Decision Dashboard — compare portfolios across concentration-response function anchors and budget scales.

How we got there

We built a four-level multi-fidelity emulator following Le Gratiet & Garnier 2014. The lowest level (L1) is the ISRM source-receptor matrix — fast and sector-decomposable, but with RMSE of 6.08 µg/m³ and R² = −3.0 at held-out monitoring sites. The next level, the full InMAP v1.9.0 model, was supposed to reduce that error; instead it worsened it to RMSE 11.46 µg/m³ — most likely because the model uses 2005 meteorology against 2023 emissions. That negative result reshapes the stack: L1 → L3 (van Donkelaar V5.NA.05.02 satellite product, RMSE 4.34 µg/m³, passes the Tessum 2017 benchmark) → L4 multi-fidelity emulator (RMSE 2.76 µg/m³). The EPA’s FAQSD Bayesian-fused product scores 0.91 µg/m³ against the same monitoring panel, but it uses those monitors in fitting — making it a reference ceiling rather than a fair comparator.

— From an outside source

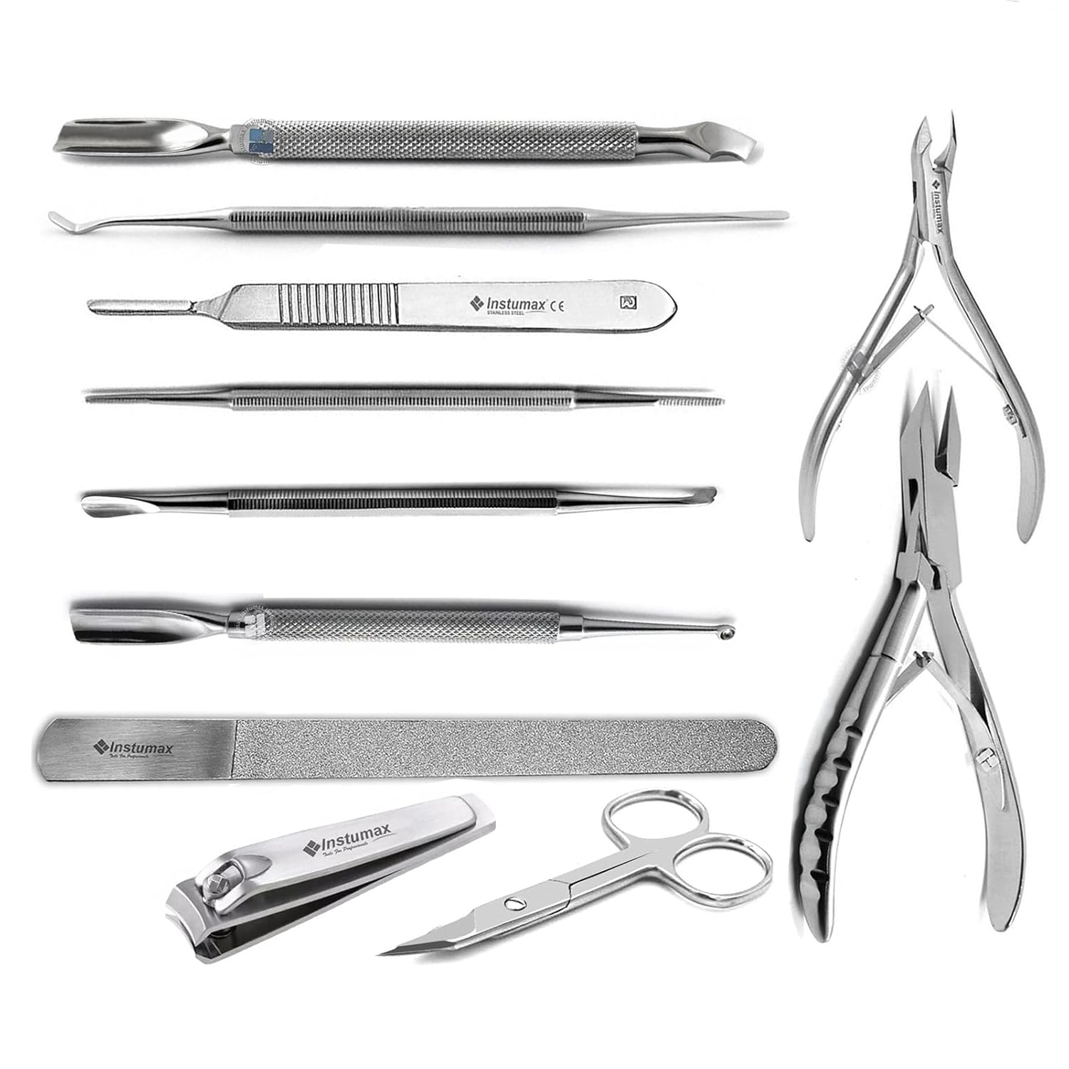 - Complete Kit: Includes diamond nail file, cuticle pusher, dead skin remover, scalpel, toenail lifter, nail forceps, ingrown nail nipper, cuticle scissors, and nail cutter.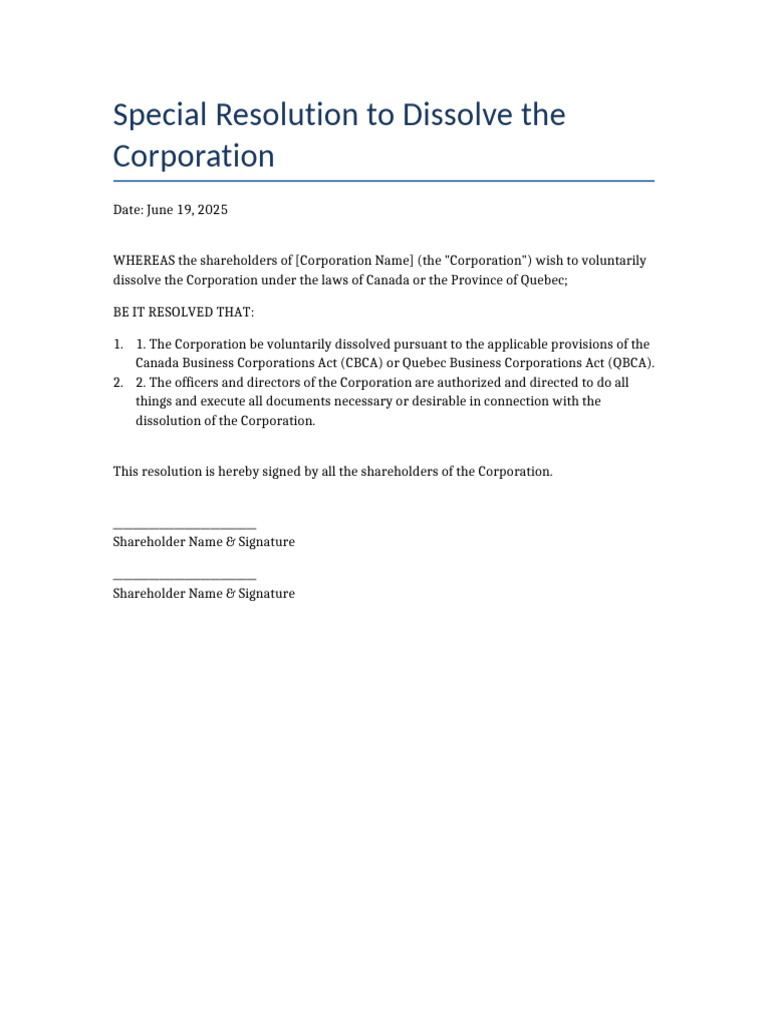Resolution To Dissolve Corporation | PDF

The multi-year extension fits separate model chains for 2019–2022, and the key coupling coefficient stays stable to within 0.016 across four independent years — the linear form is not the bottleneck. Adding the FAQSD product as an extra level turns out to add nothing: it makes the emulator 0.047 µg/m³ worse, not better, because at held-out sites FAQSD and AQS are essentially measuring the same thing. The three-level chain is the production version. Follow-on validation confirms portability across seven contiguous U.S. states, confirms that daily-cadence estimation is outside scope, and shows the kernel choice doesn’t materially affect results.

Scatter plot of L4 MFGP predicted vs observed PM2.5 at 64 AQS sites across California 2019. Points cluster tightly around the 1:1 dashed line; RMSE 2.76 µg/m³.
Figure 1. L4 MFGP cross-validation: predicted vs. observed PM2.5. 5-fold spatial CV at 64 AQS sites, California 2019. RMSE 2.76 µg/m³ (MFB, mean fractional bias, −0.055), passing both the Tessum 2017 InMAP comparator and the Boylan & Russell 2006 regulatory gate.
Bar chart of 5-fold CV-RMSE for baseline (2.762), Kernel A (3.012), Kernel B (2.871), and Kernel C (2.542) µg/m³. Only Kernel C falls below the baseline.
Figure 2. Kernel sensitivity: only Kernel C (CMAQ covariate) clears the materiality threshold. The baseline Matern-3/2 + white-noise achieves 2.762 µg/m³; Kernels A and B worsen it. Kernel C improves RMSE by −0.220 µg/m³ (8.0%), clearing the 0.140 µg/m³ materiality threshold and confirming the kernel choice is not a sensitivity concern for the canonical cascade.

What we found

Validated error: 2.76 µg/m³ statewide (2019, 5-fold cross-validation)

Passes both the Tessum 2017 InMAP comparator (≤ 5.0 µg/m³) and the Boylan & Russell 2006 regulatory gate (|MFB| ≤ 0.6; here MFB −0.055). Per-fold range 1.684.13 µg/m³ (SD 0.892). This is the headline accuracy claim for the cascade; every downstream health-impact number inherits this error floor.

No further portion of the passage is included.